A "crowd crush" is a physics problem before it is a human one. A lot of scientists have provided evidence that an average human crowd behaves similar to how a fluid flows. I felt like this concept could be used to model human crowd and use that information to do better crowd management in events regardless of their scale.
TL;DR
CrowdPhysics turns any existing camera into a crowd-crush early-warning system preventing potential accidents in crowding. It also lets you simulate a venue's crowd flow, through the same perception pipeline, before the event ever happens and plan crowd management efficiently.
What it does
CrowdPhysics is a two-mode platform for crowd safety.
Monitor mode turns any existing camera feed — a CCTV stream, a phone, or a public webcam — into a crush-risk early-warning system. It reads the crowd purely as fluid dynamics: it extracts the optical flow, feeds it to a learned world model, and forecasts what the crowd will do next. When the model becomes "surprised" — when the real crowd starts behaving in a way it has never seen during calm footage — the system raises a warning before the crush forms. Claude then explains, in plain language, what is happening, decides the crush-risk percentage, and recommends what to do.
Simulate mode is the pre-event planning tool. Upload a photo or video of a venue, and agents reconstruct the space in 3D, simulate a crowd flowing through it, and surface the danger zones — peak-pressure sectors, bottlenecks, Fruin level-of-service, and time-to-crush — before a single person arrives. It then suggests how to arrange entrances, flow, and staff to make the layout safe.
Architecture
Two modes share one perception core — optical flow → a learned world model → an anomaly signal — and one explainer (Claude).
Monitor pipeline — frame to warning. Every consecutive frame pair becomes an optical-flow field, compressed to a 256-dim feature vector, encoded by the world model into a 64-dim latent z, and rolled forward. The gap between what the model predicted and what actually happened is the danger signal, which the RL agent and Claude turn into a calibrated risk and a recommended intervention.
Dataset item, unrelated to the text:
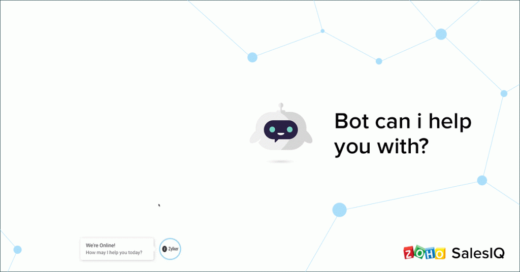 Chloe puede responder preguntas simples de los clientes con respecto a ventas y soporte. Las tareas repetitivas, como responder preguntas comunes de nuevos clientes, soporte de bajo valor y consultas de ventas, pueden automatizarse por completo, garantizando la resolución oportuna de las solicitudes de soporte. Esto también significa que los agentes tienen más tiempo para lidiar con casos importantes. Si los agentes están en línea, los clientes siempre pueden elegir conectarse con ellos en cualquier momento de su conversación con Chloe. Si los agentes están fuera de línea, los clientes pueden dejar un mensaje después de hablar con Chloe.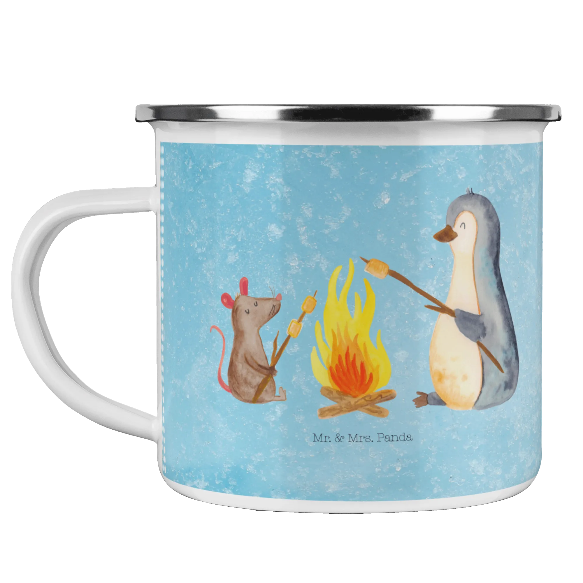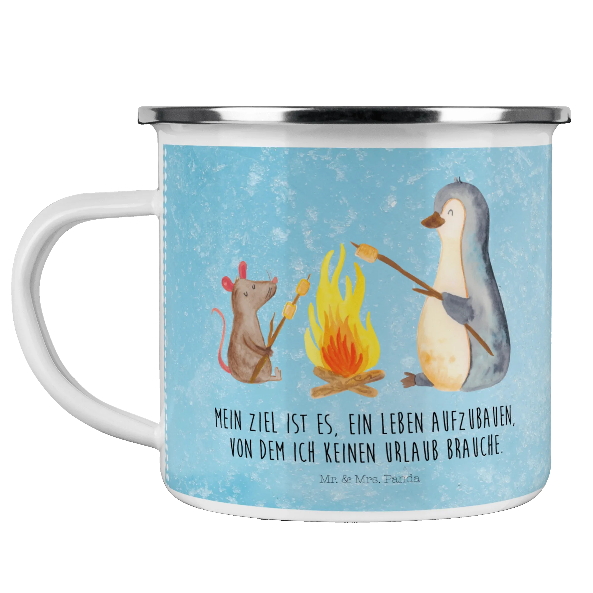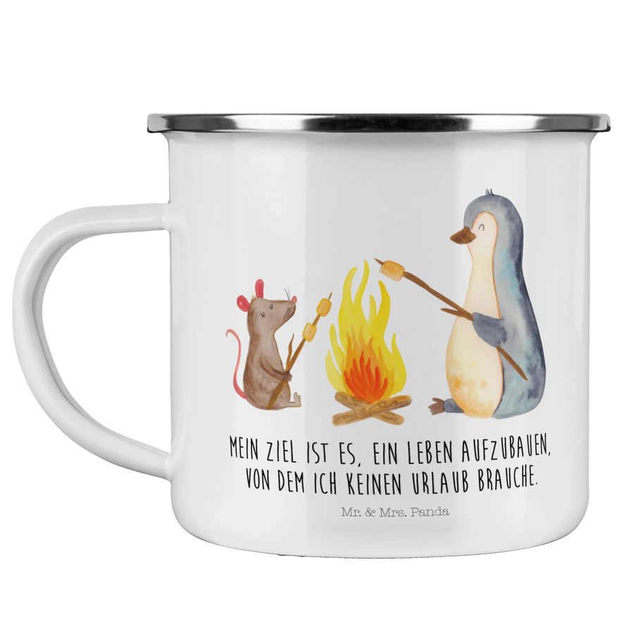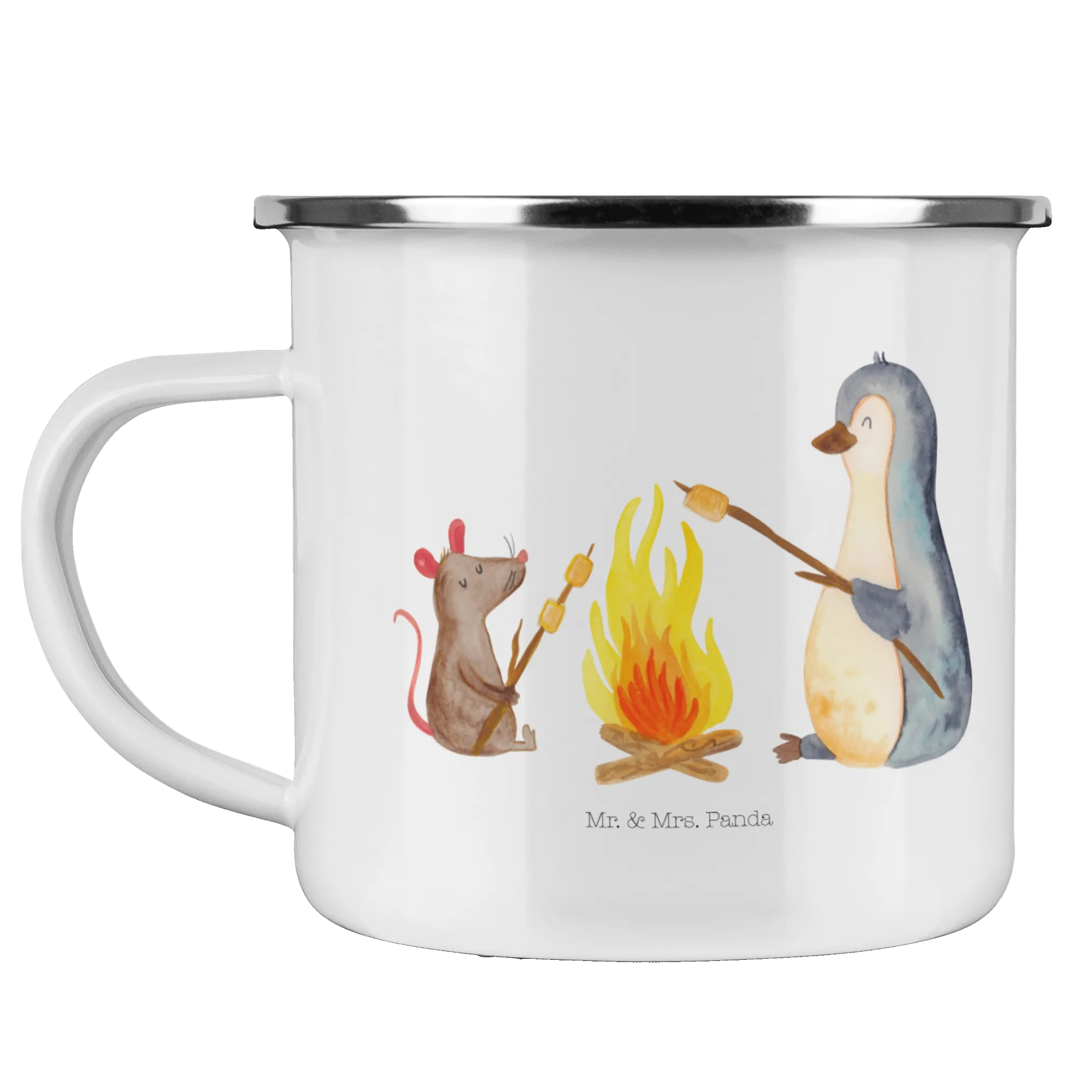 Kempingowy kubek emaliowany pingwin ognisko - z napisem - Biały

At the end of that pipeline sits a multi-agent decision framework: no single model decides alone. The anomaly status, the world-model's imagined futures, the statistical trend, the RL agent's recommended intervention, and a counterfactual "prove the fix works" are all fused — and Claude reasons over the whole picture to produce one calibrated verdict, a plain-language briefing, and a recommended action.

Plan pipeline — photo to safe layout. Upload a photo or video; Claude vision reconstructs the venue in 3D, the crowd simulator fills it, and we surface danger zones, Fruin level-of-service, and an arrangement plan before anyone arrives.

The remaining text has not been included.